Segment Open

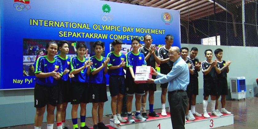 Sepak Takraw Competition was held at Wunna Theikdi Stadium in Nay Pyi Taw on Saturday to mark the International Olympic Day.
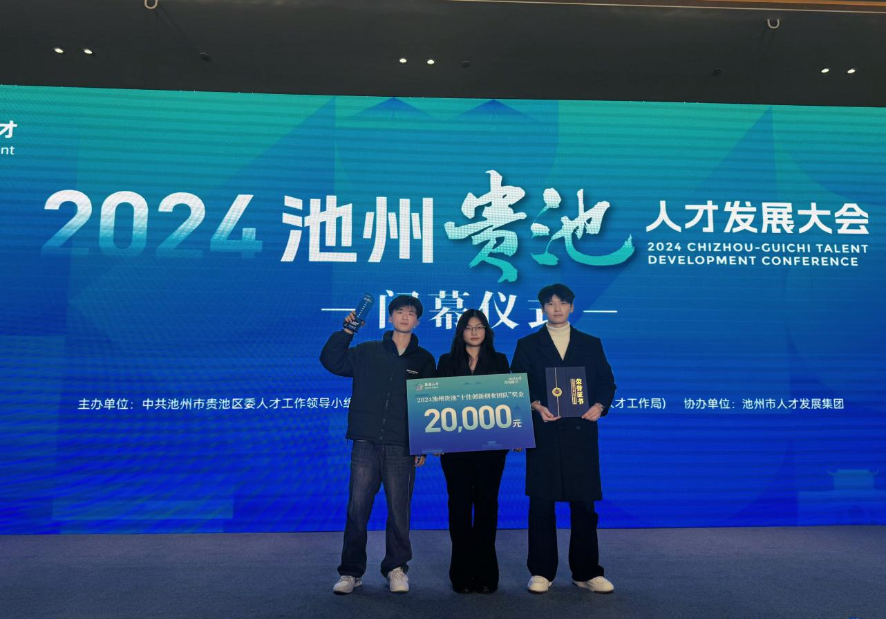 12月20日,2024池州•贵池“十佳创新创业团队”决赛在安徽池州市贵池区成功落下帷幕。我校信息与网络工程学院信息技术创新工程实验室(Information Technology Innovation Engineering Laboratory,ITIE)王伪蓉、夏俊杰、李世鹏等同学斩获大赛第一名,荣获池州市贵池区“十佳创新创业团队”。
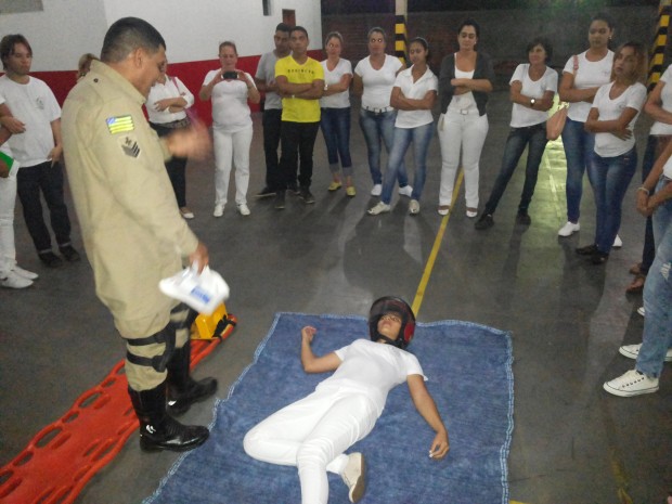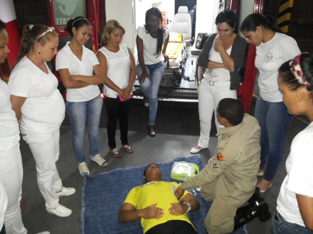 Bombeiros de Jaraguá ministram instrução de primeiros socorros para alunos de escola de enfermagem
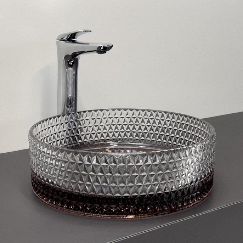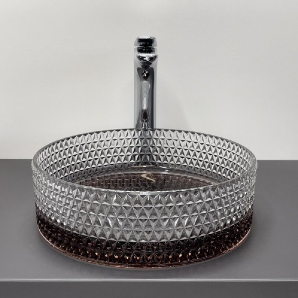 Мебельный умывальник из тонированного прозрачного закаленного стекла для установки на тумбу или столешницу.
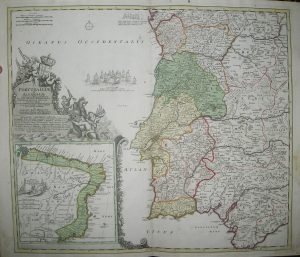 CARTE du Portugal & BRESIL - "Portugalliae et Algarbia cum finitimis Hispaniae Regnis: Castiliae, Legionis, Andalusiae, Extrematurae, Galliciae & Granatae Novissima Tabula", par Jean-Baptiste HOMANNO. c.1710. Carte gravée, sur papier vergé. Coloris...
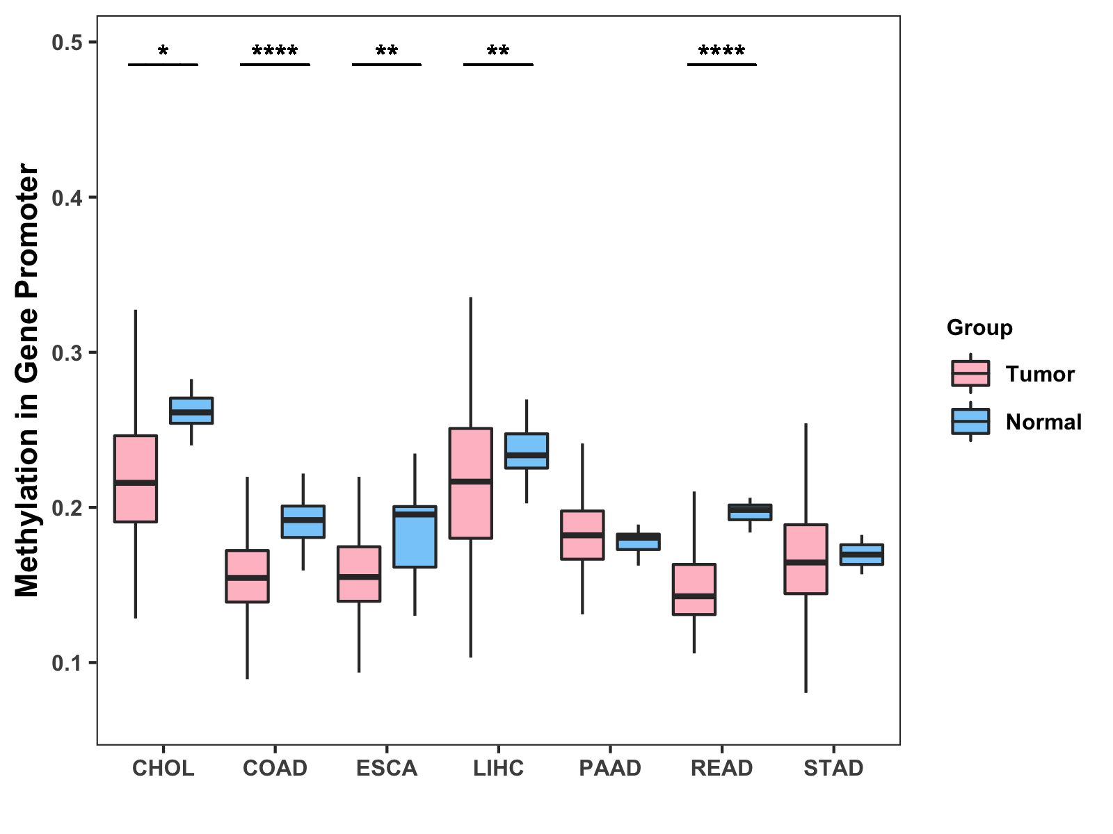 Boxplot of All Gastrointestinal Cancer ( * : 0.01-0.05 , ** : 0.005-0.01 , *** : 0.0001-0.005 , **** : < 0.0001 ) |
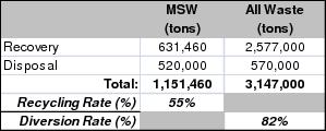 Recycling/Diversion Rate (4): | 65% | 73% | 82% |

Segment Closed

**EXERCISE BRIEF**: Starting with the line that contains "Boxplot of All", print every remaining line of the records above, exactly as it stands. Do not print the pictures.

**OUTPUT BELOW**:
 Boxplot of All Gastrointestinal Cancer ( * : 0.01-0.05 , ** : 0.005-0.01 , *** : 0.0001-0.005 , **** : < 0.0001 ) |
 Recycling/Diversion Rate (4): | 65% | 73% | 82% |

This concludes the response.